First up was National Institutes of Health (NIH) Director Francis Collins, who provided a run-down of existing regulations and how further discussions might inform future guidelines. Collins emphasized that he was a strong supporter of CRISPR/Cas9 technology being used for somatic cell gene editing for therapeutic purposes, referring to the University of Pennsylvania proposal recently approved by an NIH advisory panel. “The fact that CRISPR/Cas is finding its way into gene-editing protocols is something to celebrate,” he said. “We want to see that kind of application go forward as quickly as is feasible.”

He cautioned against the use of the technology for enabling genetic enhancements, but didn’t dismiss the idea out of hand. “Not all enhancement is futuristic,” he noted. “Not all of it is bad.” But “designer babies with precisely predictable phenotypes? Never,” he said. “We have to be aware of the hubris it would take for human beings to be so smart that we thought we had the ability and the ethical principles to do such a thing.”

Following the committee’s Q&A session with Collins, others’ talks covered ethical considerations for uses of the technology ranging from basic genetic testing for heritable disorders to germline editing. Columbia University’s Alondra Nelson described experiences that have bred distrust of biomedical research among African Americans, from the infamous Tuskegee syphilis study to the more recent example of New York City medical researchers recruiting black and Latino boys (whose older brothers had had run-ins with law enforcement) to receive treatments that would boost levels of serotonin, which was thought to be associated with aggressive behaviors. Princeton’s Keith Wailoo discussed the cases of identifying mutations underlying Tay-Sachs disease, sickle cell trait, and cystic fibrosis, all diseases that affect certain ethnic groups at higher rates. In such cases, genetic testing can lead to harmful stigma, Wailoo noted.

“If you create a new disease category, or even if you create a new genetic marker that suggests [a new] disease category, we are creating new social identities and new social groups,” Nelson said during a Q&A session. “And the threat of stigma always comes with that.”

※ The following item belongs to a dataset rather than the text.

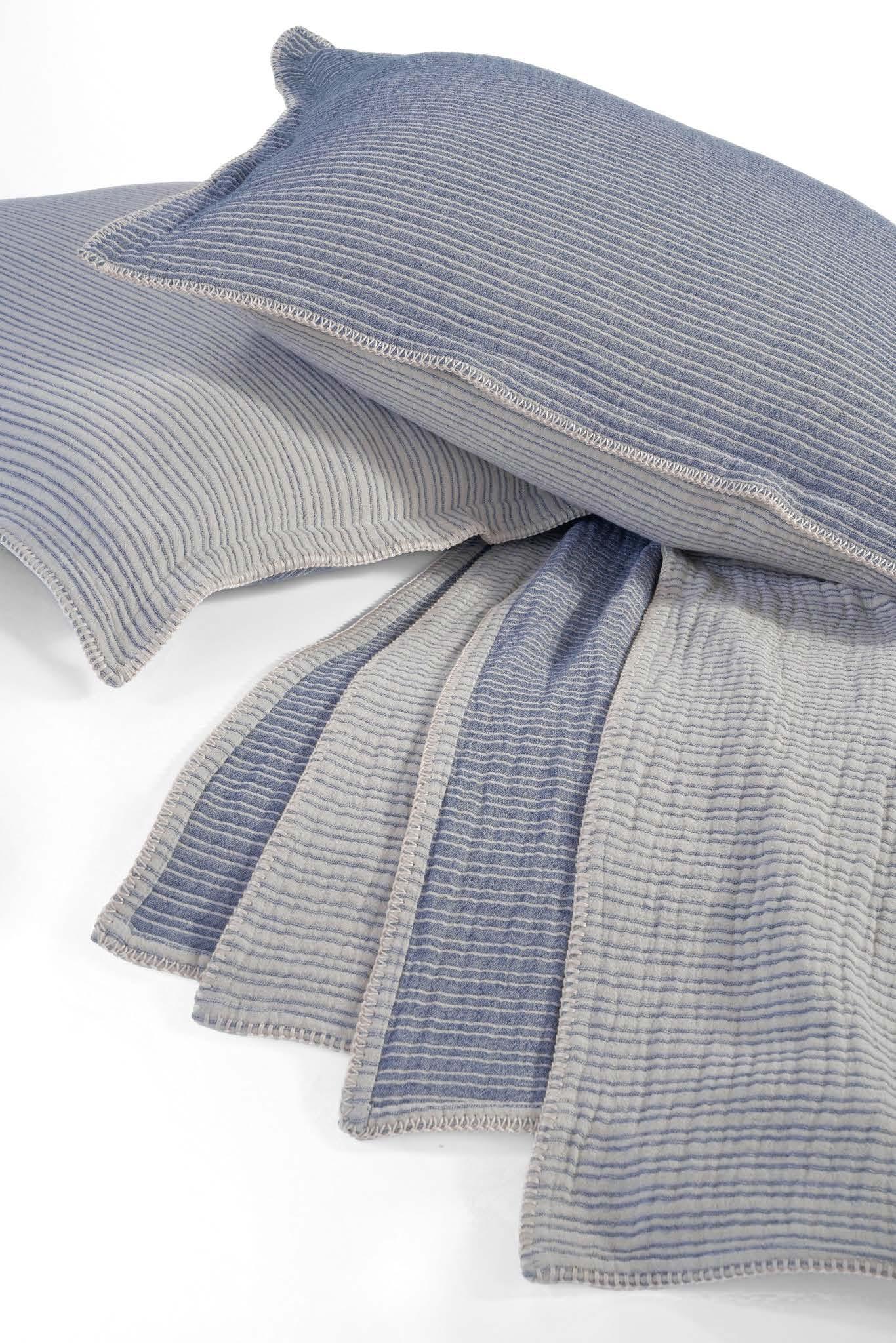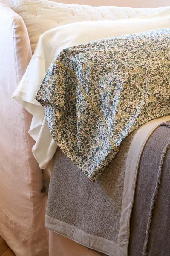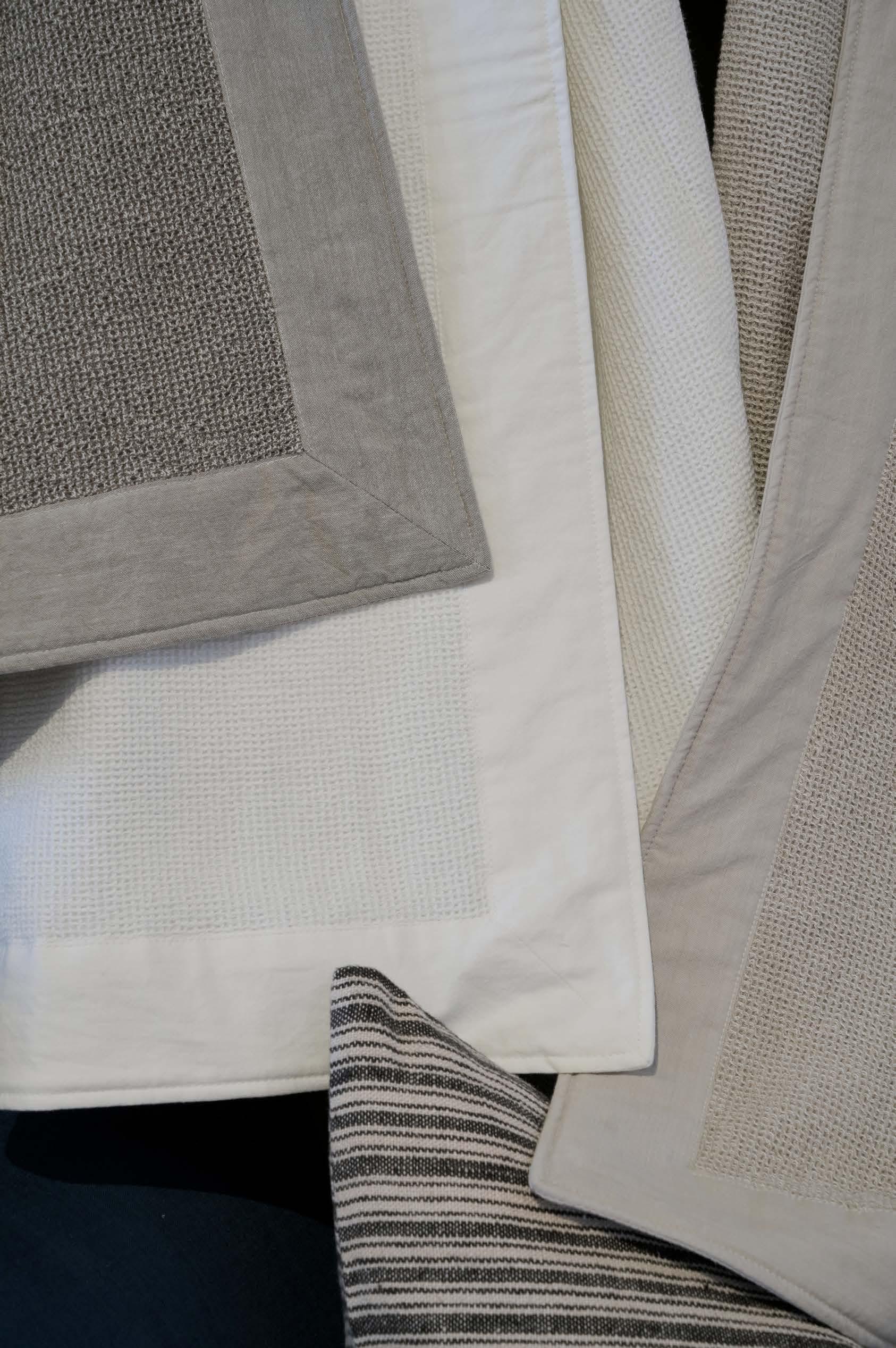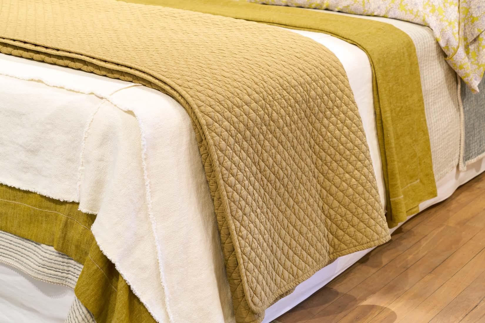 FEATURED: Twine Coverlet, Lizzy Blanket in Delph Blue, and Tilly Coverlet in Oatmeal.

Throughout the morning, speakers also raised the question of access to gene-editing treatments. As Erik Parens of the Hastings Center said during his talk, “Given the world as we know it, germline genetic enhancement could exacerbate the already obscene gap between the ‘haves’ and the ‘have nots.’ We need to intensify our public conversation about old ethical concerns like exacerbating inequality.”